I was delighted to read the articles New Homes Will Create ‘Crisis for the Future’ and Protesters on the March Against Housing Plans (October 7), and again, Homes Plan Leads to Flood of Protest (October 14). I fully acknowledge that Bradford needs more homes, but: 1. The 2007 Menston supplementary planning document envisaged ‘small pockets of residential development in a parkland setting’, using natural stone (“reconstituted stone should not be used”), and extremely limited use of three-storey properties. The planning inspector himself saw 150 properties on the site as the maximum. The plans are for 174 properties, with a number of three-storey ones, and no use of natural materials. The plans are to build the wrong type of homes.

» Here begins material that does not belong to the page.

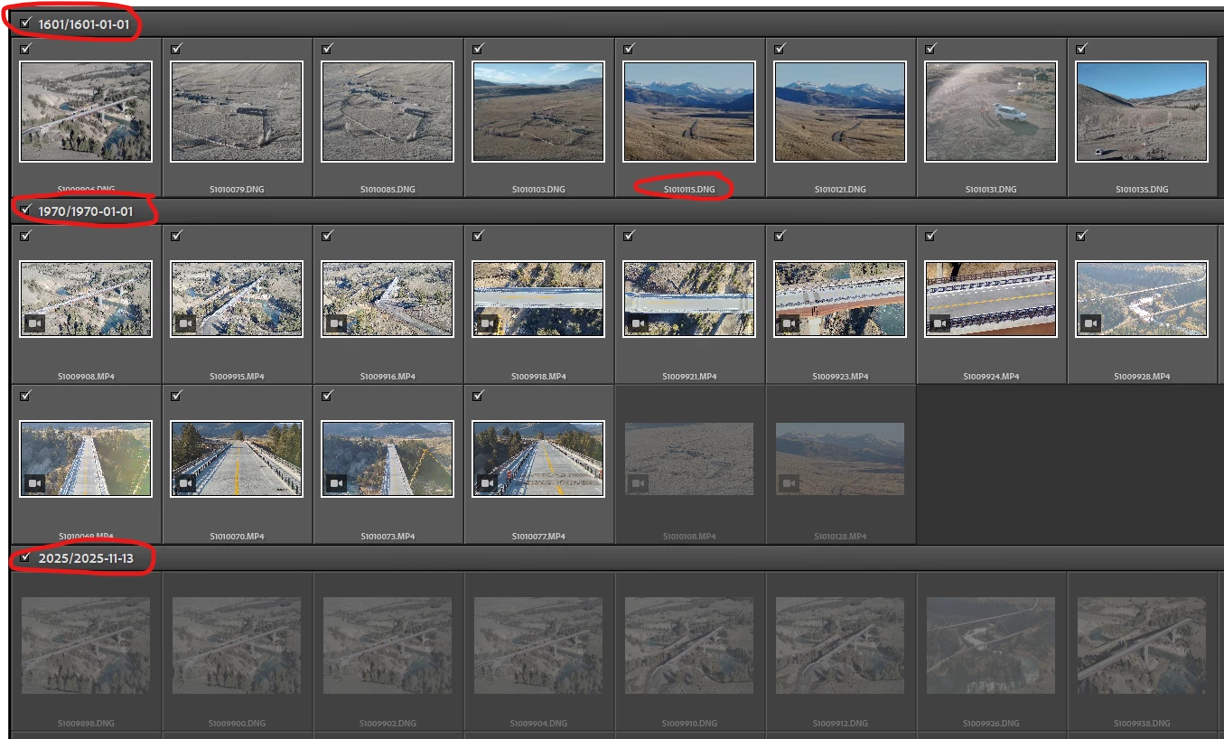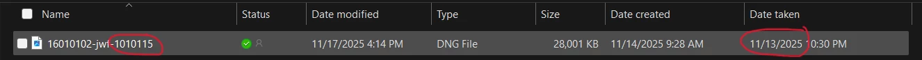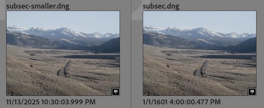 But on Windows 11, observe that the capture time of "subsec.dng" has been mangled to 1/1/1601 4:00:00.477:

2. A brief walk around Bradford City centre reveals a number of large brownfield sites as yet undeveloped, and a similar walk around Guiseley shows a number of partially developed sites, with many unsold properties. In addition, the roads local to the site, and the A65 in particular, are already under severe pressure, as are the rail facilities. It is unclear that they will be able to cope with the developments already under way, let alone what is now proposed. The plans are to build in the wrong place.

3. Finally, we are being told to prepare for several more tough years with the economy struggling, property prices falling, loans being hard to acquire, and tens of thousands more jobs projected to be lost. The plans are to build at the wrong time.

The plans that have been lodged to develop Derry Hill at Menston are wholly inadequate. At the time of writing, well over 500 letters of objection have been scanned on to the council’s planning website, and another 500 or so are still to be added. It is worth reading a sample. They vary from the passionate to the logical. Some are both. Together they indicate a community united in its objection to what is proposed.

Come on Barratts, and come on Bradford Council, it is time to acknowledge that these are the wrong homes, in the wrong place, at the wrong time.